Analyze the current financial situation

Speaking about the investment plan, it is worth highlighting an important point - to objectively assess your financial situation and understand where you can get more from investments. Unlike a business plan, you don’t have to think about where you can show frugality and restraint, you just need to choose the right tools in our country or even consider investing abroad.

The current financial situation is based on several aspects, among which not only the inflation rate is important, but also the peg of the national currency to the dollar, the average amount of expenses per month, in what and how regularly you will receive payments. It cannot be said that the money in the wallet and on the cards is the whole financial situation.

Determine the amount of regular investment

A well-structured investment portfolio consists of precisely defined amounts of contributions, and also includes various instruments that can be considered as the main ones. In one of my videos, I said that for the HYIP industry, as a rule, I consider deposits of 200-300 dollars.

If you do not know how to determine how much you can invest, I suggest a few questions, the answers will help you decide:

  • Total monthly income. As a rule, investments should not exceed 15-20% of the total profit.
  • How willing are you to take risks?
  • How much is set aside for a normal life?
  • Amount to achieve a key financial goal.
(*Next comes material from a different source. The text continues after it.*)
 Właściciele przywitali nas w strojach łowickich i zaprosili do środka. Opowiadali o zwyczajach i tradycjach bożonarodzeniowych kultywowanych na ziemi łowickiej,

We remember that when we consider options for where to invest the money of an investment plan, no one has yet canceled diversification. Distribute money in different directions and provide yourself with a stable profit.

Define a strategy

The strategy is formed depending on the capital, terms of work, the goal set. Conservative implies a small number of instruments with minimal risk, plus or minus the same amount of investment for a short and medium period. Aggressive is aimed at projects with high risks, and, interestingly, can include both 2-3 tools, and a whole lot. The combined strategy focuses on the year and includes instruments with varying degrees of risk with small even amounts.

Select instruments

First of all, a competent and individual management program provides that you need to choose different tools:

  • internal and external market;
  • traditional and online projects;
  • choose options for the amount of entry;
  • determine your risk tolerance.

I strongly recommend betting on several working options: HYIPs, buying shares, deposits, renting (of course, if there is something to rent). In order not to get lost in the directions used, keep a record, or trust it to your financial mentor.
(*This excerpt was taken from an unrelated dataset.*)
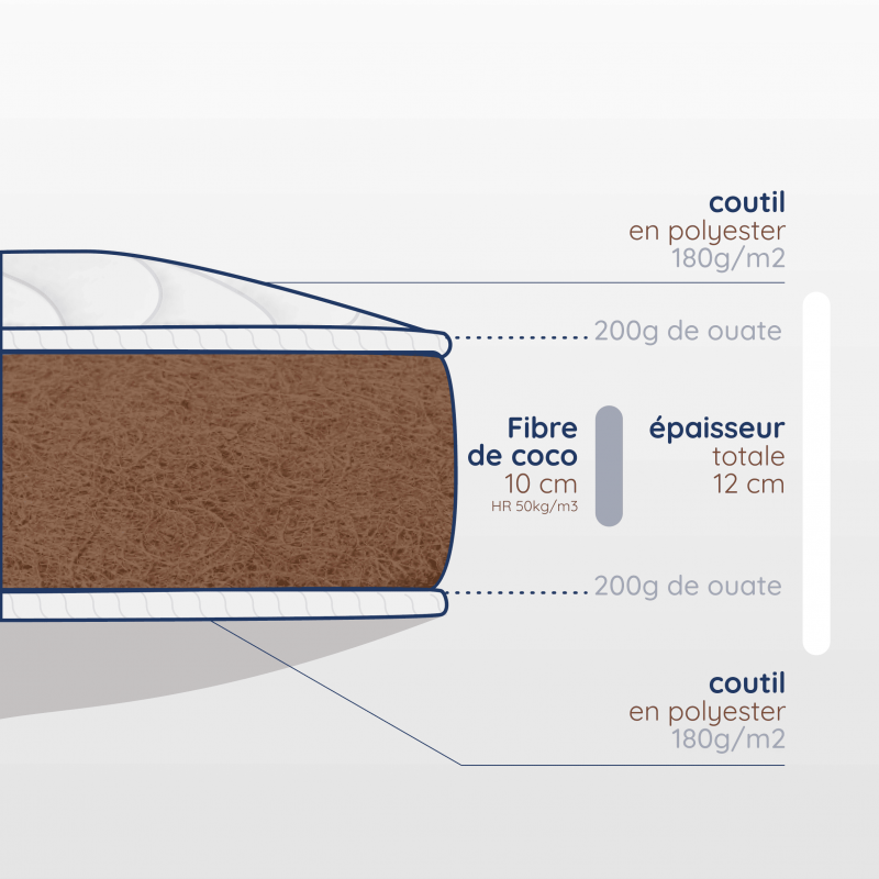 Pour offrir à votre bout de chou un sommeil de qualité, nous vous proposons également différentes sortes de matelas en mousse polyuréthane HR35kg/m3. Ils sont à la fois fermes et à haute résilience. Nous avons également des modèles en fibre de coco 50kg/m3 parfaitement adaptés pour le berceau ou le lit de votre tout petit.

Functions, tasks and goals

Everyone needs an investment plan, and it is significant and convenient that it can be drawn up, both short-term and long-term. In the first case, it will help to collect in one place all worthy platforms for work and predict profits. The long-term one also includes the position of currency devaluation, but allows you to purposefully go towards a clearly defined financial goal. Among the main tasks I will highlight the following:

  • order in attachments;
  • strategic profit planning;
  • providing detailed control.

The goal in drawing up the plan is one, but large-scale - to get closer to the specific designated task by choosing one or another investment project, bank deposit, trading on the Forex market or crypto-exchange. Fortunately, there are really a lot of working tools. But the functions of such a document, which you can draw up yourself or approach this using the services of professionals, are several:

  1. strategic;
  2. order;
  3. planning and calculation.

When it comes to money, especially a lot, I'm all for order and clearly defined strategies and plans. At the end of the material, let me summarize: an investment plan is needed both for beginners, and even more so for experienced investors, so as not only not to get lost in the abundance of tools and not to forget where and what is invested, but also to clearly, step by step, move towards the goal.

The form of the document can be varied (at least use a coated board in the kitchen and enter changed indicators daily), the main thing is competent selection, accounting and control, diversification. Traditionally, I wish you that the investment plan is not only competently and accurately drawn up, but also brings real, stable and expected (or even more) profit.